What you will do »
Only the lines below from the one that contains "Although Geysir itself" through the one that contains "Borsa frigo disponibile" should appear in your answer, exact and without pictures.

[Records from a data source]
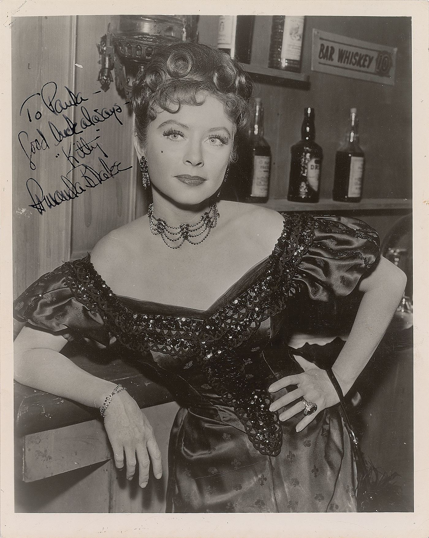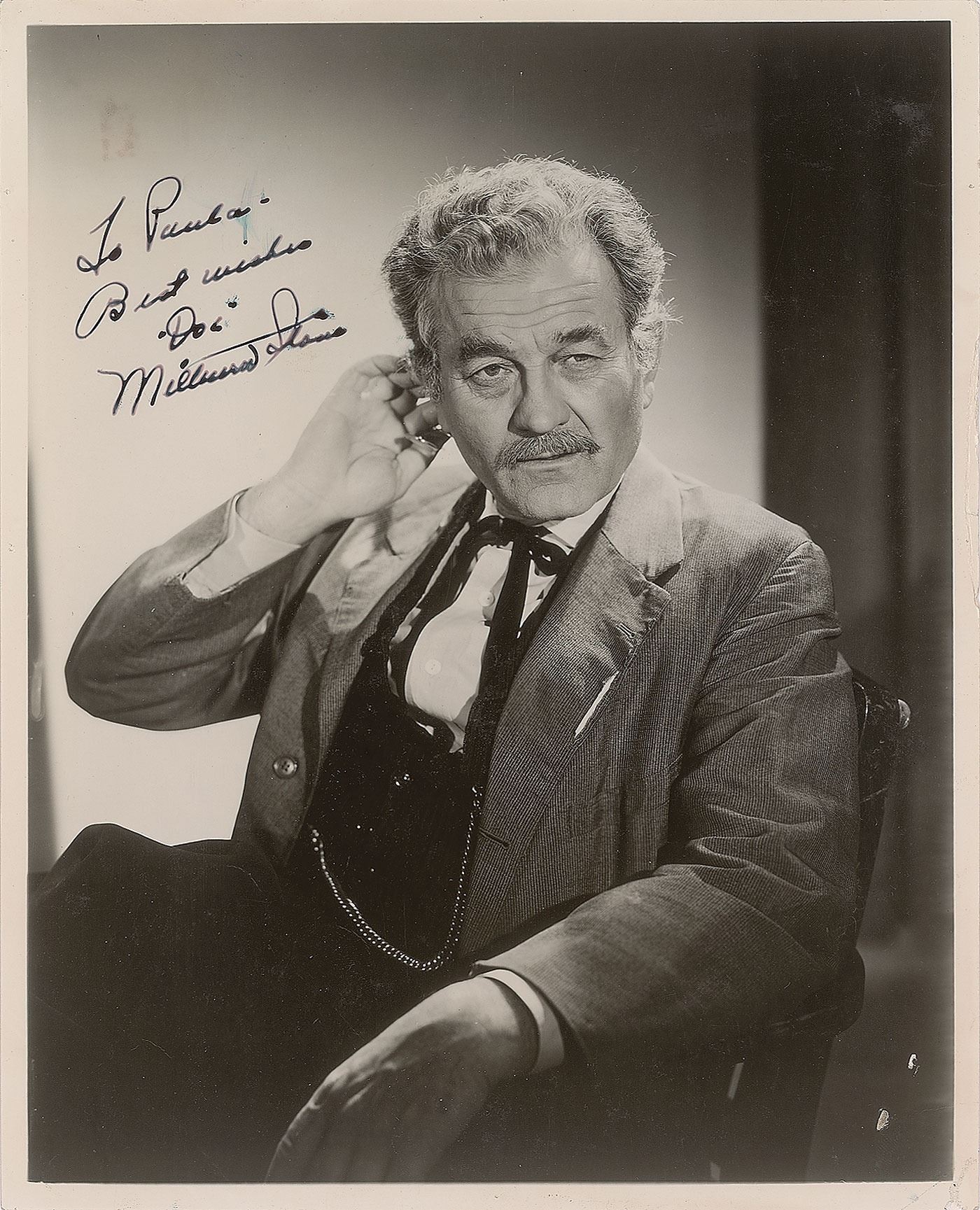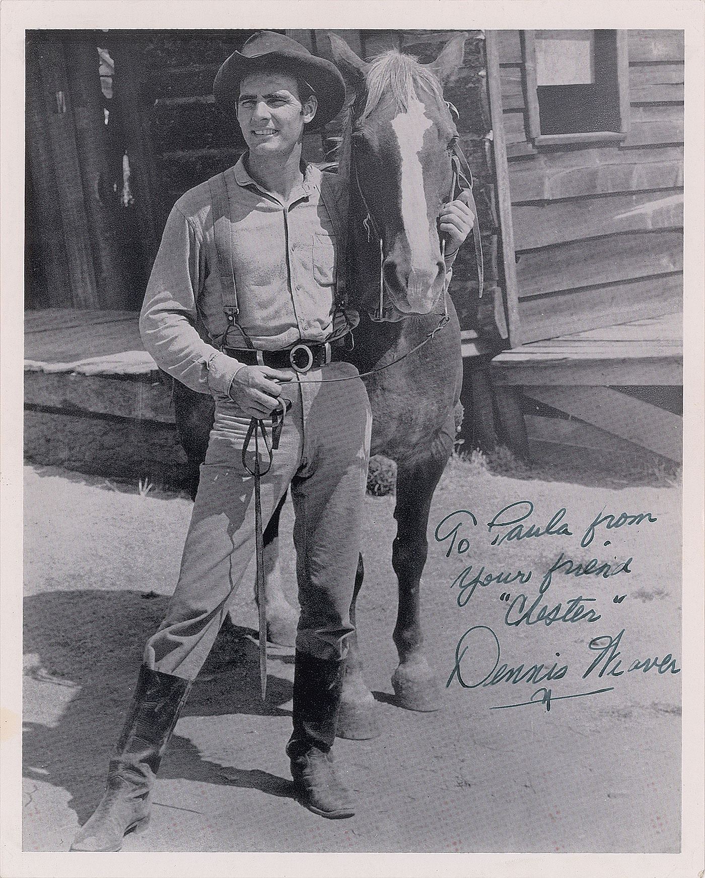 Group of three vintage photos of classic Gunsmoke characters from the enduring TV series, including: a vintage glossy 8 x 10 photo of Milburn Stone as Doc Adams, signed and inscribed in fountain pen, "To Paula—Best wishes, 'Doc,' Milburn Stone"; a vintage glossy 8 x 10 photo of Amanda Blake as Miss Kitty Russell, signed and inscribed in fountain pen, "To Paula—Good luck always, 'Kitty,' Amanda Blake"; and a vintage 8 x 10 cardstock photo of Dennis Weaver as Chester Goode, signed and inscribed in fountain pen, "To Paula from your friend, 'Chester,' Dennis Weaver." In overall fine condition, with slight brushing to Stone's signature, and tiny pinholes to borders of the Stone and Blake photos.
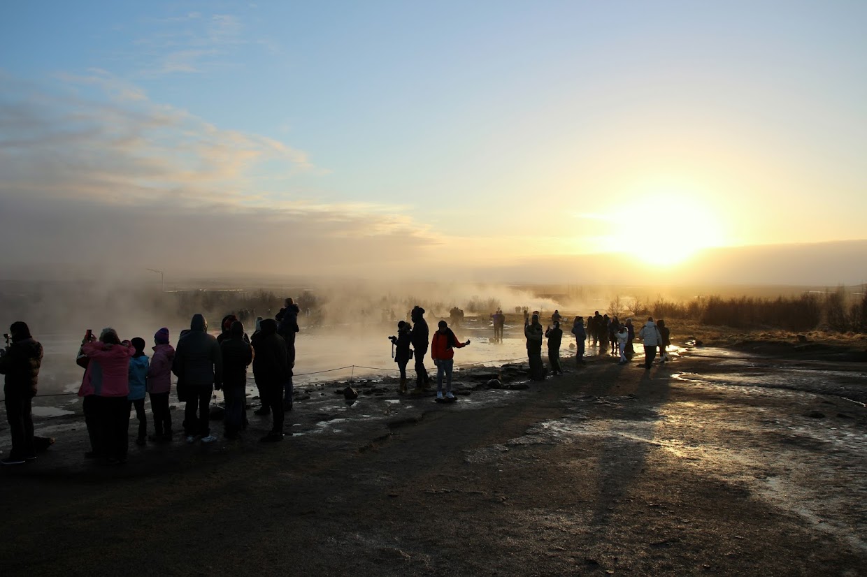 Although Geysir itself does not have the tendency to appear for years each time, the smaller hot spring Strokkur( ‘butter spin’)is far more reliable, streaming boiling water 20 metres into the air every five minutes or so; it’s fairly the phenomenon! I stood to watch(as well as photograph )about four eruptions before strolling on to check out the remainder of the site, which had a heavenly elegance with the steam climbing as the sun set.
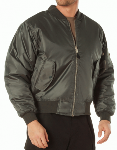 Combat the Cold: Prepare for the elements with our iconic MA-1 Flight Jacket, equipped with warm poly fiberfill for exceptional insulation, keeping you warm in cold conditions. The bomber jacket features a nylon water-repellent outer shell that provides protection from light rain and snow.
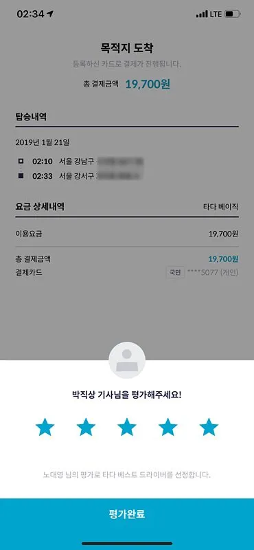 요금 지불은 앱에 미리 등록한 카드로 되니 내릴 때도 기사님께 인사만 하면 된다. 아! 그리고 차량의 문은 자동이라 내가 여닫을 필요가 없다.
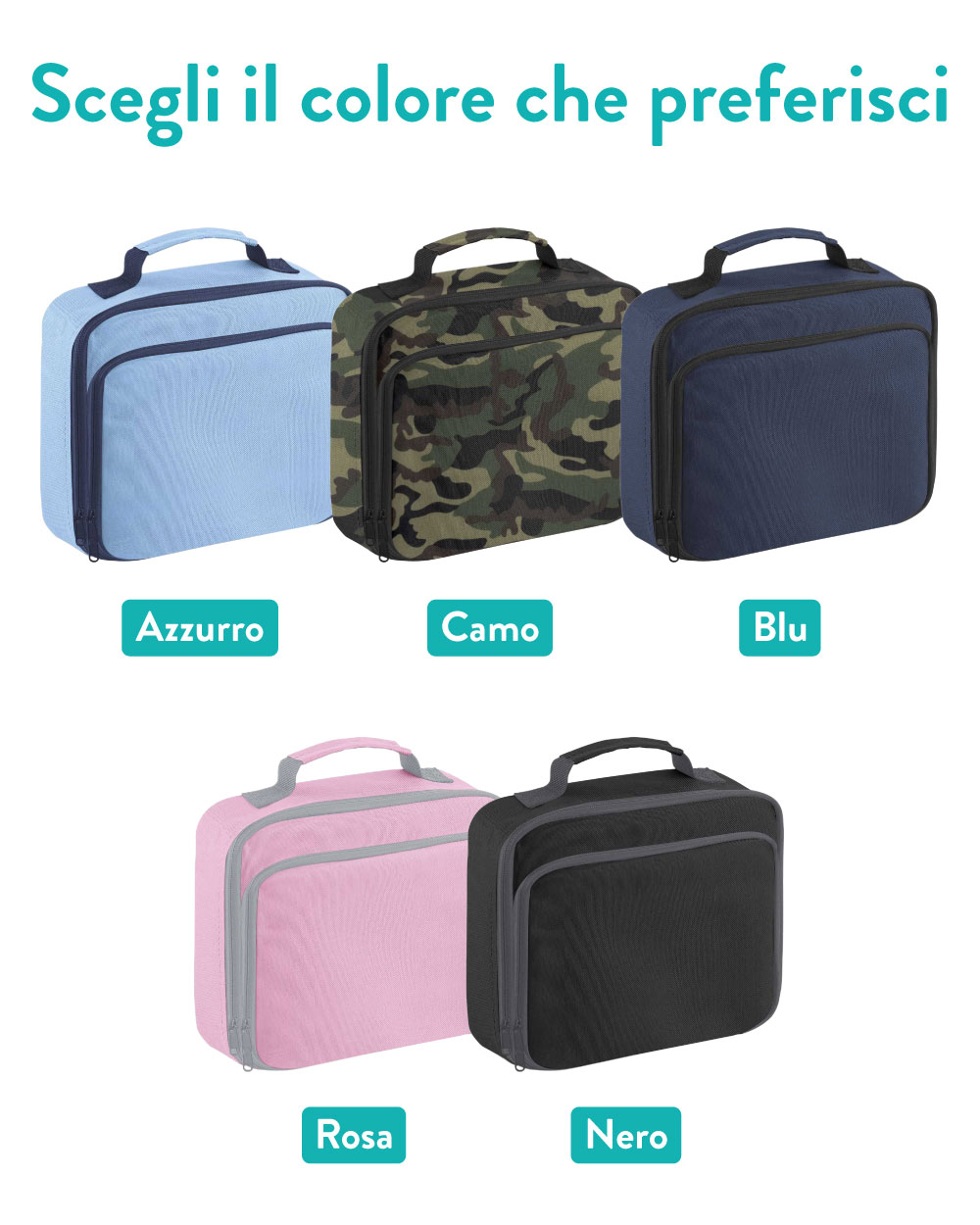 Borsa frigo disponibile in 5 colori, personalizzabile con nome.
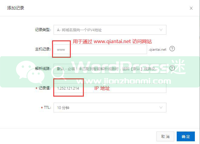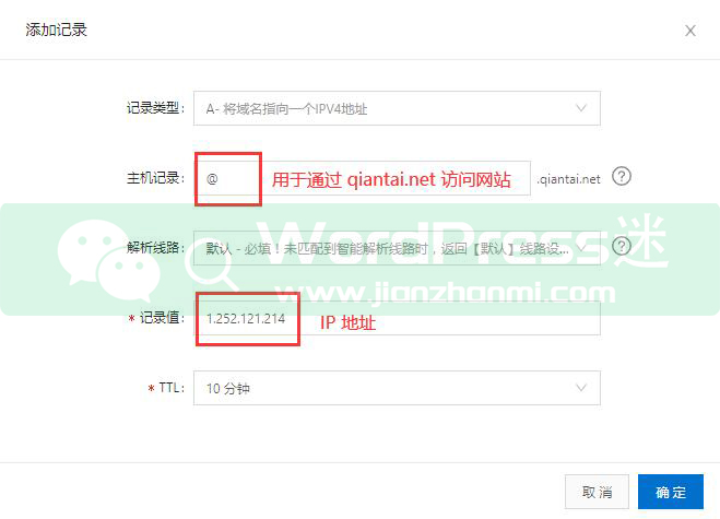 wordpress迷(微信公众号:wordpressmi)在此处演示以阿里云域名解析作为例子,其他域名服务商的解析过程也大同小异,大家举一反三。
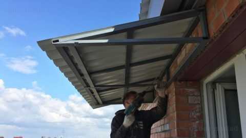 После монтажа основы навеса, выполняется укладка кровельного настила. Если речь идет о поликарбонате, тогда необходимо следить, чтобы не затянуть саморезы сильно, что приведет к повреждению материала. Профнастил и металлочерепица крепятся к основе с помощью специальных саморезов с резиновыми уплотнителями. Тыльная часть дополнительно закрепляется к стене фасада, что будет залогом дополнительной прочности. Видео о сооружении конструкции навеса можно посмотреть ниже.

Solution below »
 Although Geysir itself does not have the tendency to appear for years each time, the smaller hot spring Strokkur( ‘butter spin’)is far more reliable, streaming boiling water 20 metres into the air every five minutes or so; it’s fairly the phenomenon! I stood to watch(as well as photograph )about four eruptions before strolling on to check out the remainder of the site, which had a heavenly elegance with the steam climbing as the sun set.
 Combat the Cold: Prepare for the elements with our iconic MA-1 Flight Jacket, equipped with warm poly fiberfill for exceptional insulation, keeping you warm in cold conditions. The bomber jacket features a nylon water-repellent outer shell that provides protection from light rain and snow.
 요금 지불은 앱에 미리 등록한 카드로 되니 내릴 때도 기사님께 인사만 하면 된다. 아! 그리고 차량의 문은 자동이라 내가 여닫을 필요가 없다.
 Borsa frigo disponibile in 5 colori, personalizzabile con nome.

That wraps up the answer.